Now, let’s analyze a scenario where the anchor sample has higher similarity with a negative sample. Suppose the similarity scores are:
$[\text{sim}(x, x'_1), \text{sim}(x, y_2), \text{sim}(x, y_3), \text{sim}(x, y_4)]$ = [0.25, 0.5, -0.45, -0.1]
The resulting changes in similarity, Softmax probabilities, and CrossEntropyLoss are as follows:
Temperature | Similarity (sim) | Softmax Probabilities | CrossEntropyLoss |
---|---|---|---|
1 | [0.25, 0.5, -0.45, -0.1] | [0.2869, 0.3684, 0.1425, 0.2022] | 1.2486 |
0.5 | [ 0.5, 1.0, -0.9, -0.2] | [0.2948, 0.4861, 0.0727, 0.1464] | 1.2214 |
0.05 | [5, 10, -9, -2] | [ 6.6e-03, 0.9933, 5.5e-09, 6.1-06] | 5.0067 |
0.01 | [ 25, 50, -45, -10] | [1.3e-11, 1.00, 5.5-42, 8.7-27] | 25 |
From these results, we can observe the relationship between temperature coefficients and loss:
- When the anchor sample has the highest similarity with the positive sample, a lower temperature leads to a lower loss.
- Conversely, when the anchor sample has the highest similarity with a negative sample, a lower temperature results in a significantly higher loss.
- Higher temperature coefficients result in a more moderate adjustment during training.
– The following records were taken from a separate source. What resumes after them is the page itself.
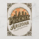 A vintage-style logo featuring the city name "PHOENIX" in bold, stylised lettering. The word "ARIZONA" is displayed in a smaller, complementary font beneath "PHOENIX." The logo is surrounded by decorative flourishes and a sunburst design, creating a classic and timeless aesthetic. The overall colour palette is warm and inviting, with shades of brown, orange, and cream.
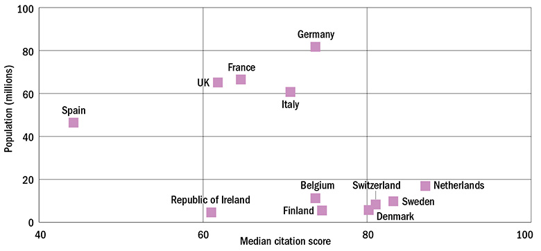 As well as the smaller research powerhouses already mentioned, the Republic of Ireland is in many respects a standout performer: despite its very small population, its median score is very close to that of much larger countries such as the UK and France.
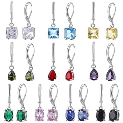 10 Pairs Silver CZ Charms Leverback Drop Earrings Set, Sparkling Cubic Zirconia Small Hoop Ear Jewelry, Hypoallergenic Crystal Dangle Earrings Gifts for Women Girls
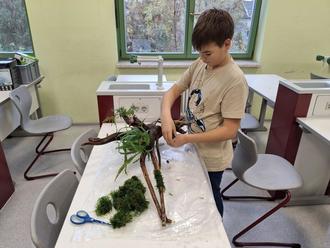 Mit Begeisterung bindet Björn Hofmann (7a) Javamoos, Kongofarn und Javafarn auf eine Wurzel auf. Als typische Aufsitzerpflanzen werden sie nicht gern in das Substrat gepflanzt.
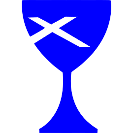 This features a blue and white shield with a cross on it. The shield is shaped like a cup, giving the impression of a blue glass or a blue vase. The cross design adds an element of religious symbolism to the overall appearance of the shield. This unique combination of colors and shapes creates a visually striking image that stands out against its white background.
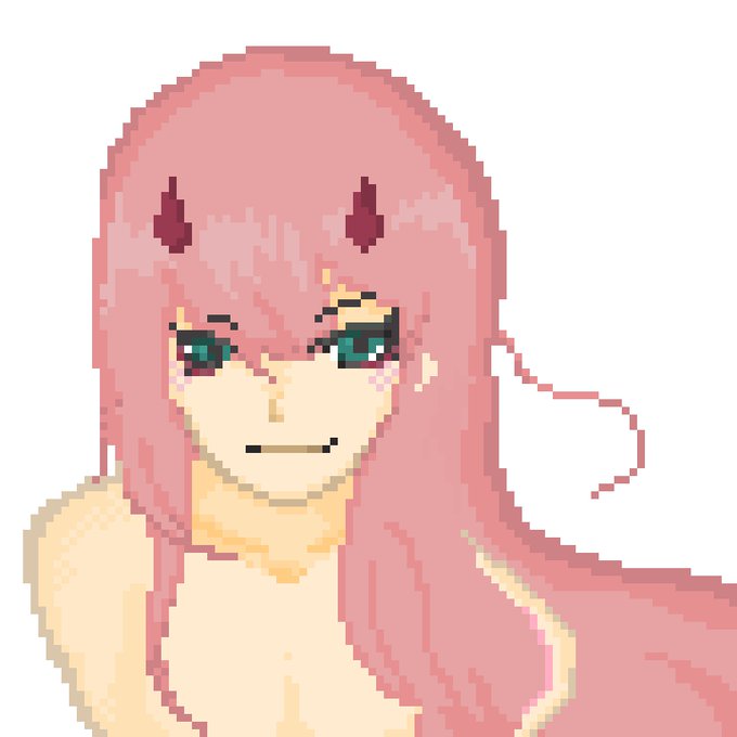 とりあえず、途中で投げ出しかけてるやつ( ・ิω・ิ)はだかにしたのが間違いだった……陰影がわからん…… #ダリフラ #pixelart #ドット絵
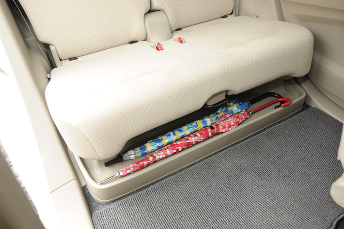 後席の下部には、旧型と同じく横長のトレイが備わり、傘や靴を収納できる。この装備は燃料タンクを前席の下に搭載する独自のレイアウトによるもの。旧型で人気の高かった部分は、新型にも受け継がれている。
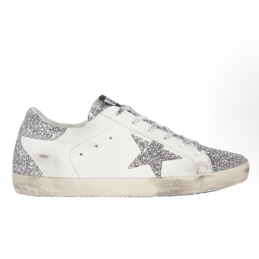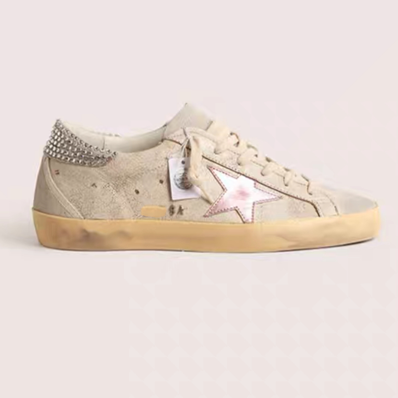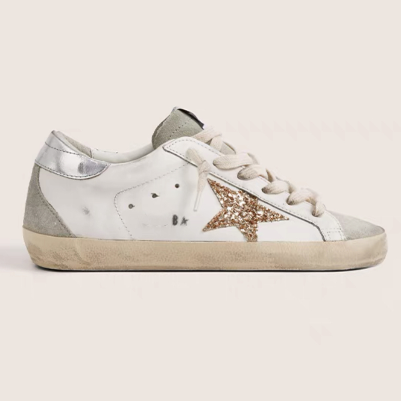 Korean Gg Versatile 2025 Distressed Star Sneakers for Women and Men, Trendy Height-Increasing White Shoes
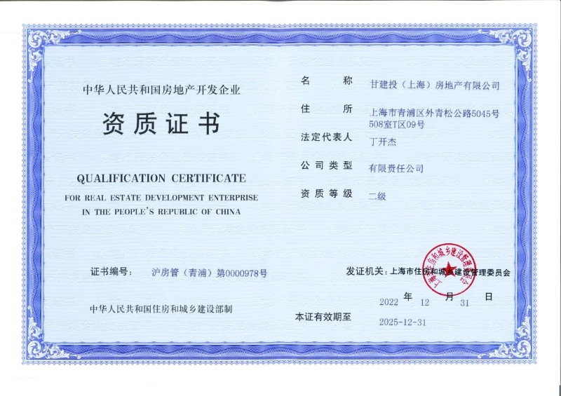 4月21日,上海子公司順利取得房地產(chǎn)開發(fā)二級資質(zhì)證書。

The model is less sensitive to whether it correctly identifies the positive sample and makes smoother updates.
- Lower temperature coefficients cause sharper adjustments. The model prioritizes quickly learning to predict the positive sample correctly, and once it achieves this, further updates are minimal.
5. Final Thoughts on Temperature Coefficients
The conclusions presented here are based on my personal experiments and understanding. If there are any inaccuracies, please feel free to provide corrections or feedback in the comments.
Key takeaways regarding temperature coefficients in contrastive learning:
- Smaller temperature coefficients improve contrastive learning performance by pulling similar samples closer and pushing dissimilar samples further apart.
- To achieve uniform feature distribution, the temperature coefficient should be moderate—neither too high nor too low.
- When the anchor has the highest similarity with the positive sample, a lower temperature results in a lower loss.
- When the anchor has the highest similarity with a negative sample, a lower temperature significantly increases the loss.
- Higher temperature coefficients result in smoother and more moderate adjustments.
- Lower temperature coefficients lead to sharper, more aggressive adjustments, prioritizing the correct prediction of positive samples. Once learned, the model makes almost no further updates.
For points 1 and 2, refer to Section 3. For points 3–6, refer to Section 4.
The commonly used temperature coefficient is 0.05.